Im MDax verloren die Fraport-Aktien nach wenig inspirierenden Verkehrszahlen für den Januar 0,98 Prozent auf 44,685 Euro. Der Frankfurter Flughafenbetreiber ist dank des zunächst milden Winterwetters mit einem deutlichen Passagierplus ins neue Jahr gestartet. Im Frachtgeschäft zeigte die Entwicklung hingegen nach unten.

RHÖN-KLINIKUM LEIDEN UNTER AUSBLICK

Für die Anteilsscheine von Rhön-Klinikum ging es um 3,21 Prozent auf 14,765 Euro bergab. Händler zeigten sich davon enttäuscht, dass der Klinikbetreiber, der den Zuschlag der Stadt Wiesbaden für eine Minderheitsbeteiligung an den Dr.-Horst-Schmidt-Kliniken erhalten hatte, deshalb für 2012 mit einem rückläufigen Überschuss rechnet. Der Teilverkauf ist zudem noch nicht in trockenen Tüchern, denn ein anlaufendes Bürgerbegehren gegen den Verkauf könnte die Unterschrift um entscheidende Wochen hinauszögern.

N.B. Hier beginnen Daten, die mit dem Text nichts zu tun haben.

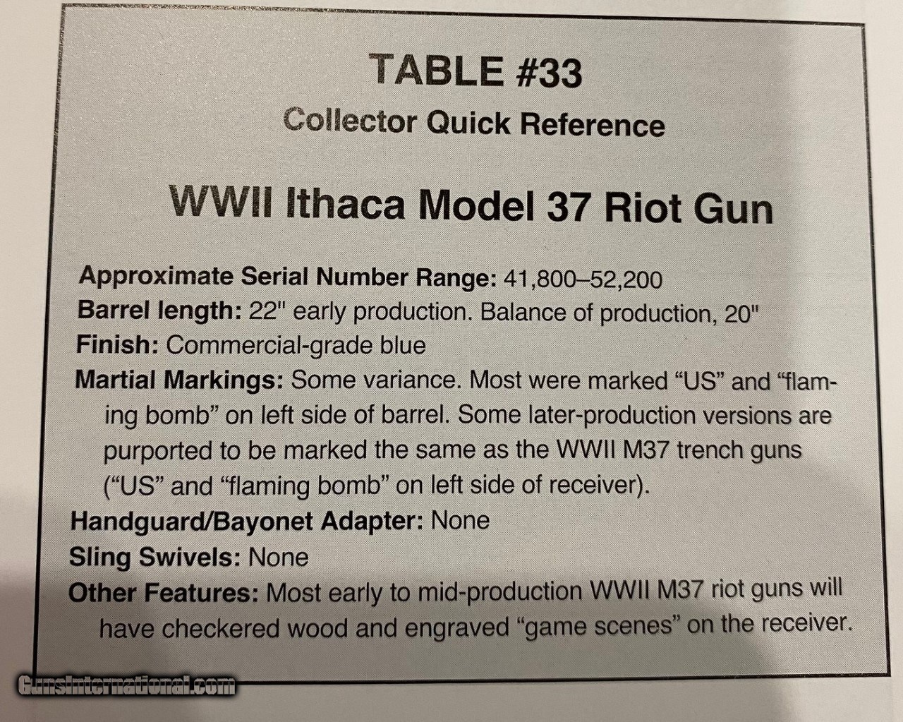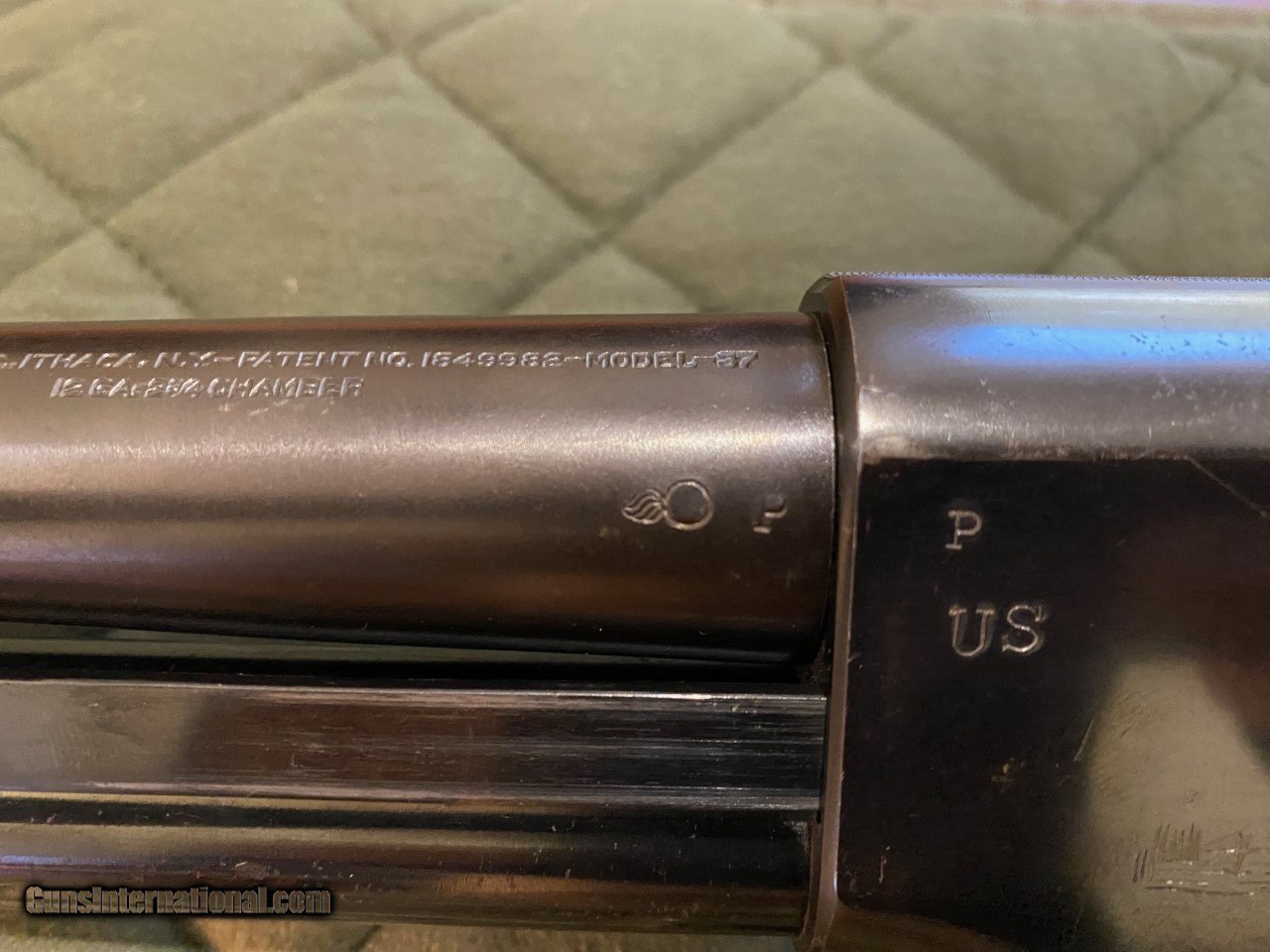 Description: SOLD - Funds Received This Ithaca RIot shotgun is believed to have been acquired as part of the 1940's "blanket procurement program", a U.S. government initiative to scour commercial and civilian sources for new and used shotguns, of which the government had a mighty need. THey were issued as primary armament to home front defensive units (like the "State Guard" units acting in lieu of federalized National Guard units or security forces at vital industrial establishments) and were also given to police and militia forces in lieu of weapons that could be recalled for Army issue. The accepted shotguns typically show a combination of standard commercial markings and hand-stamped inspection and approval markings, with this example having a "P" stamped on the chamber and receiver, "flaming bomb" on the barrel, and "US" on the receiver, in addition to the standard (matching serialized) barrel markings and roll-stamped receiver game bird scenes. The forearm and pistol grip are both checkered, 20 inch barrels and 13 1/2 inch length of pull. It also has the cartouche markings on the stock. Serial number matching on barrel and reciever. Please let me know if you have any questions, or interested in the shotgun SOLD Shotgun Gauge: 12 Gauge |

Die Aktien von Sky Deutschland stiegen indes nach einer positiv aufgenommenen Kapitalerhöhung an der MDax-Spitze um gut fünf Prozent. Börsianer lobten, mit der Maßnahme habe der Bezahlsender schon mehr als die Hälfte des 300 Millionen Euro neuen Kapitals eingenommen, die er bis Ende September anstrebe. Analyst Harald Heider von der DZ Bank sprach von einer "erfolgreichen Platzierung" und sieht Sky damit auch finanziell gut aufgestellt für den anstehenden Verkauf der Bundesligarechte.

Die Solarwerte profitierten von starken Branchenvorgaben aus den USA. Dort hatten laut Händlern Spekulationen auf eine steigende chinesische Nachfrage für Solarkollektoren eine Kursrally bei den börsennotierten Solarunternehmen ausgelöst. Im TecDax legten SMA Solar und Centrotherm um 3,42 respektive 2,88 Prozent zu.